Source data
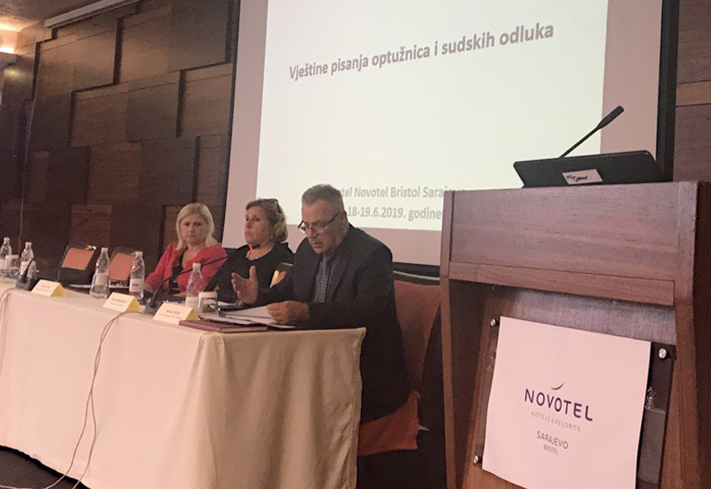 Dana 18./19. 06. 2019. godine u sali hotela “Novotel-Bristol” u Sarajevu održan je seminar o vještinama pisanja tužilačkih akata i sudskih odluka. Seminar je organiziralo Ministarstvo pravosuđa Sjedinjenih Američkih Država / OPDAT, u sklopu implementacije Programa stručnog usavršavanja za 2019. godinu, a saorganizatori su bila oba entitetska centra za edukaciju sudija i tužilaca.
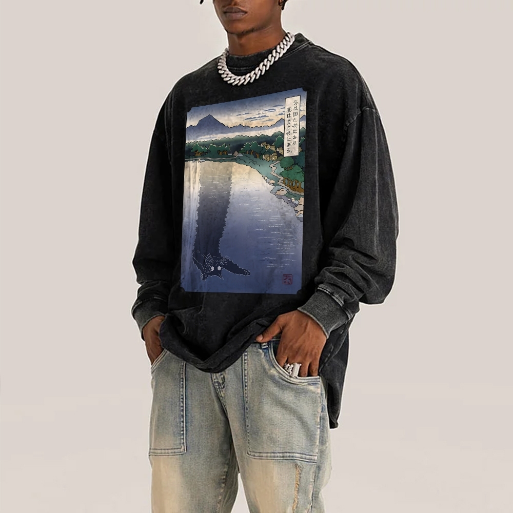 Black Cat Monster Deep Washed Vintage Long Sleeves T-Shirt
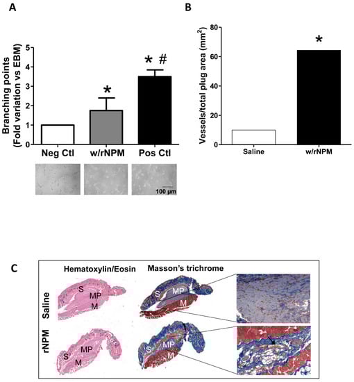 Next, to assess whether rNPM was able to modulate endothelial cell function by exerting potential angiogenic activity, we performed an in vitro Matrigel assay. The 10% FBS condition was used as the positive control []. Results showed that rNPM induced a significant increase of the number of branching points compared to the negative control (Figure 4A, p < 0.05). More importantly, this result was confirmed by in vivo experiments where Matrigel supplemented with 200 ng/mL rNPM was injected subcutaneously into the mid-lower abdominal region of mice, in order to foster the migration of host endothelial toward the formation of vascular networks in the Matrigel plugs. After 8 days the residual plugs were evaluated by H&E and Masson’s trichrome staining, by quantifying the newly formed functional vessels in the plug, identified by the presence of erythrocytes within [,]. Results confirmed a significant increase of the number of in vivo functional vessels after injection of rNPM compared to saline (Figure 4B,C, p < 0.001).
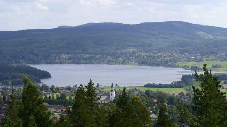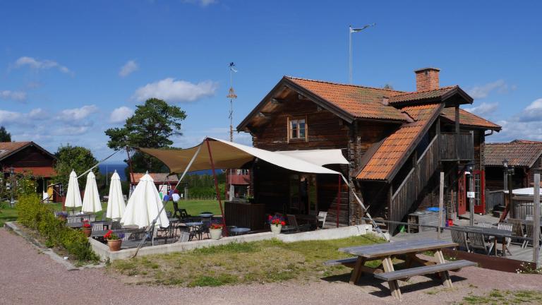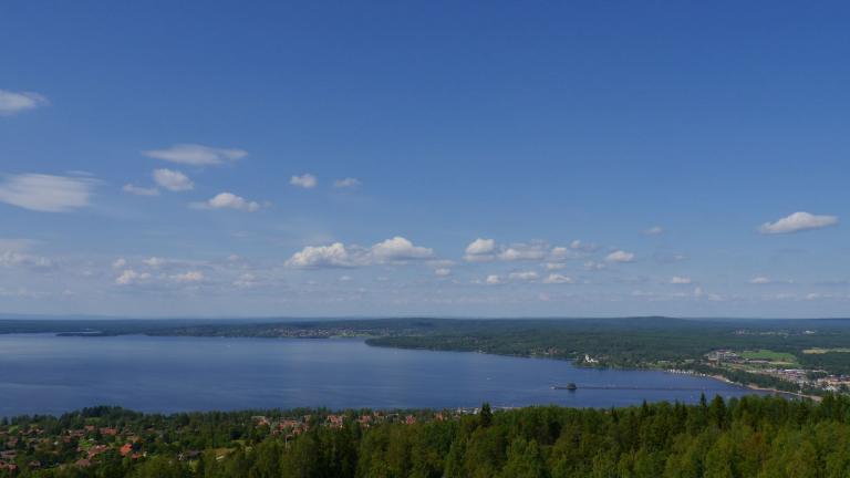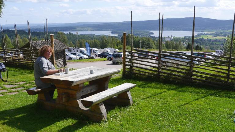Draußen sitzend genießen wir die Sonne und den wunderschönen Blick zum Ort hinunter und auf den Siljan See. Auch so vergeht die Zeit, so dass wir beihnahe das eigentliche Ziel vergessen: den Aussichtsturm vom Naturum Dalarna .
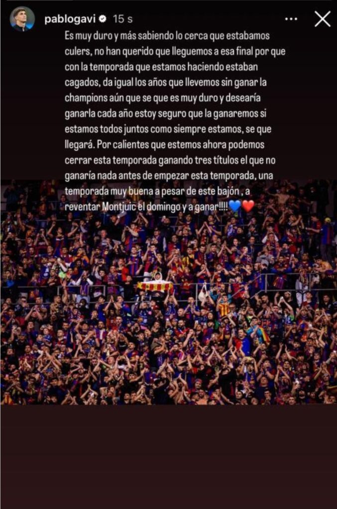 “Është vërtet e vështirë, veçanërisht duke ditur sa afër ishim. Ata nuk donin që ne të arrinim në finale sepse kishin frikë nga sezoni që po zhvillojmë”, shkroi Gavi në profilin e tij në Instagram.
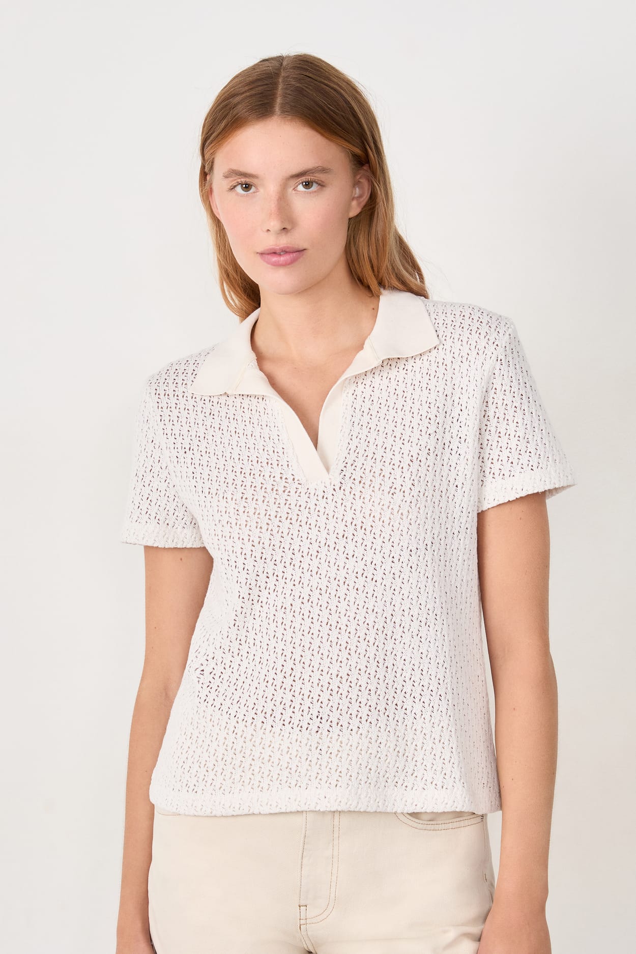 Muni d'un col chemise et de manches, ce t-shirt se pare de détails ajourés qui insufflent une allure aérienne.

• _EXERCISE DETAILS_: All of the data must be repeated exactly, except for the pictures.

• _ANSWER SECTION_:
 Dana 18./19. 06. 2019. godine u sali hotela “Novotel-Bristol” u Sarajevu održan je seminar o vještinama pisanja tužilačkih akata i sudskih odluka. Seminar je organiziralo Ministarstvo pravosuđa Sjedinjenih Američkih Država / OPDAT, u sklopu implementacije Programa stručnog usavršavanja za 2019. godinu, a saorganizatori su bila oba entitetska centra za edukaciju sudija i tužilaca.
 Black Cat Monster Deep Washed Vintage Long Sleeves T-Shirt
 Next, to assess whether rNPM was able to modulate endothelial cell function by exerting potential angiogenic activity, we performed an in vitro Matrigel assay. The 10% FBS condition was used as the positive control []. Results showed that rNPM induced a significant increase of the number of branching points compared to the negative control (Figure 4A, p < 0.05). More importantly, this result was confirmed by in vivo experiments where Matrigel supplemented with 200 ng/mL rNPM was injected subcutaneously into the mid-lower abdominal region of mice, in order to foster the migration of host endothelial toward the formation of vascular networks in the Matrigel plugs. After 8 days the residual plugs were evaluated by H&E and Masson’s trichrome staining, by quantifying the newly formed functional vessels in the plug, identified by the presence of erythrocytes within [,]. Results confirmed a significant increase of the number of in vivo functional vessels after injection of rNPM compared to saline (Figure 4B,C, p < 0.001).
Draußen sitzend genießen wir die Sonne und den wunderschönen Blick zum Ort hinunter und auf den Siljan See. Auch so vergeht die Zeit, so dass wir beihnahe das eigentliche Ziel vergessen: den Aussichtsturm vom Naturum Dalarna .
 “Është vërtet e vështirë, veçanërisht duke ditur sa afër ishim. Ata nuk donin që ne të arrinim në finale sepse kishin frikë nga sezoni që po zhvillojmë”, shkroi Gavi në profilin e tij në Instagram.
 Muni d'un col chemise et de manches, ce t-shirt se pare de détails ajourés qui insufflent une allure aérienne.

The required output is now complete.